**Data excerpt**
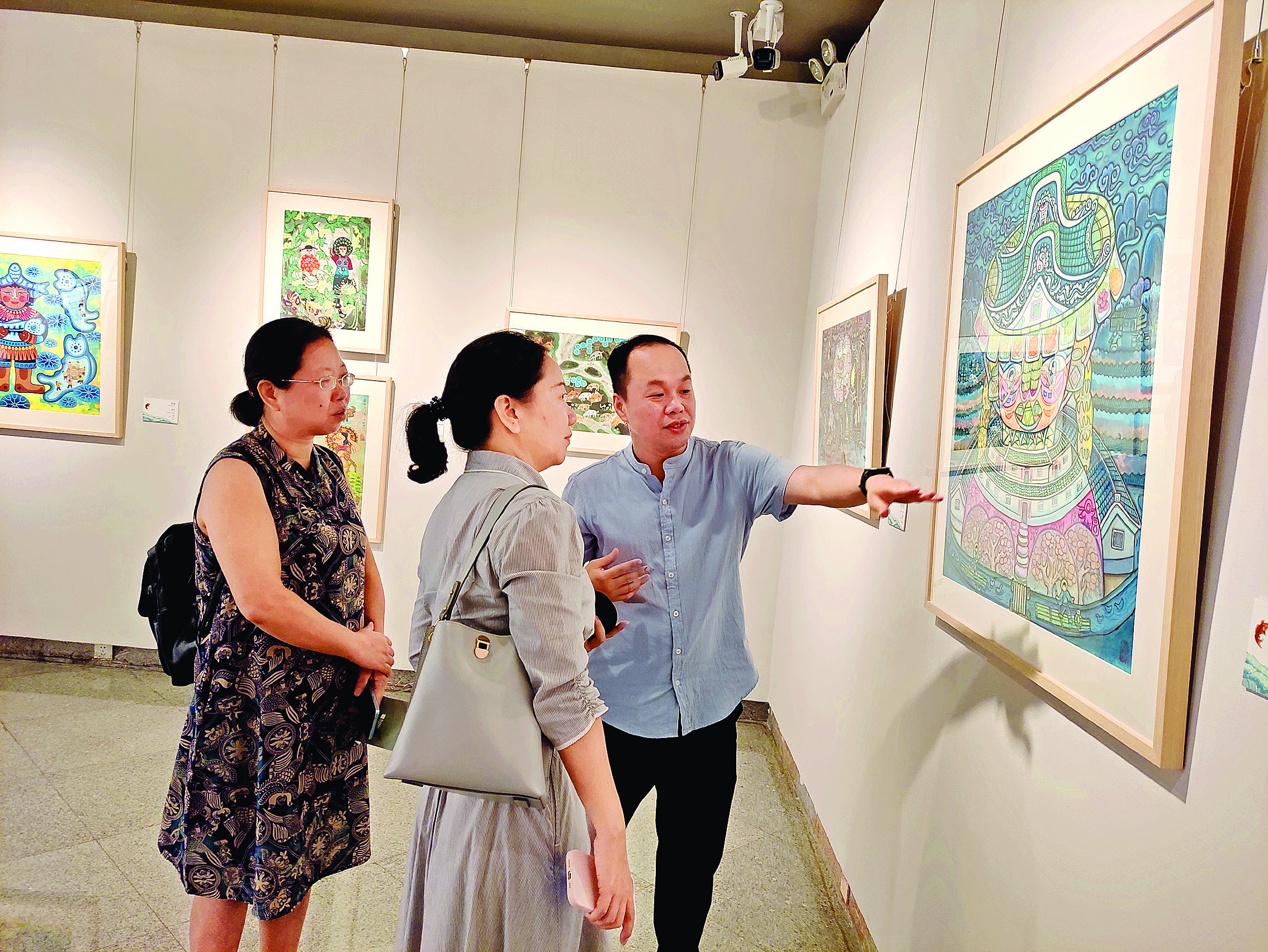 龍門農(nóng)民畫畫家鐘永廉(右一)向觀展市民介紹自己的參展作品。
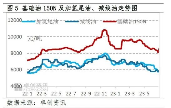 加氢尾油上半年也以震荡下跌为主,截至6月30日,山东地区加氢尾油均价为5760元/吨,减二线价格为5850元/吨,与年初相比原料成本分别下调13.71%和16.43%,基础油原料成本出现明显下滑,对基础油市场形成一定的利空影响。
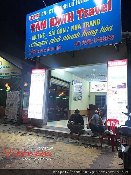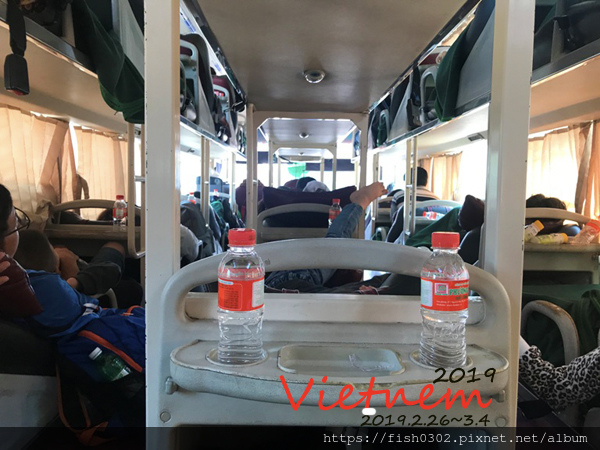 臥舖巴士有上下兩層,據說要搭下層比較穩,所以我全部畫位下層,這是我們第一次搭臥鋪巴士,大家都覺得很新鮮,上車後每人會免費提供1-2小瓶裝水,車程需要5小時車程,這樣搖搖晃晃下就到了美奈,沒有什麼不適,中間會停靠一個休息站,休息站的東西偏貴,可以再出發前先準備車上吃的零食。

**Problem**
In the copy you write, the data above must appear exactly, with no pictures.

**Exercise response**
 龍門農(nóng)民畫畫家鐘永廉(右一)向觀展市民介紹自己的參展作品。
 加氢尾油上半年也以震荡下跌为主,截至6月30日,山东地区加氢尾油均价为5760元/吨,减二线价格为5850元/吨,与年初相比原料成本分别下调13.71%和16.43%,基础油原料成本出现明显下滑,对基础油市场形成一定的利空影响。
 臥舖巴士有上下兩層,據說要搭下層比較穩,所以我全部畫位下層,這是我們第一次搭臥鋪巴士,大家都覺得很新鮮,上車後每人會免費提供1-2小瓶裝水,車程需要5小時車程,這樣搖搖晃晃下就到了美奈,沒有什麼不適,中間會停靠一個休息站,休息站的東西偏貴,可以再出發前先準備車上吃的零食。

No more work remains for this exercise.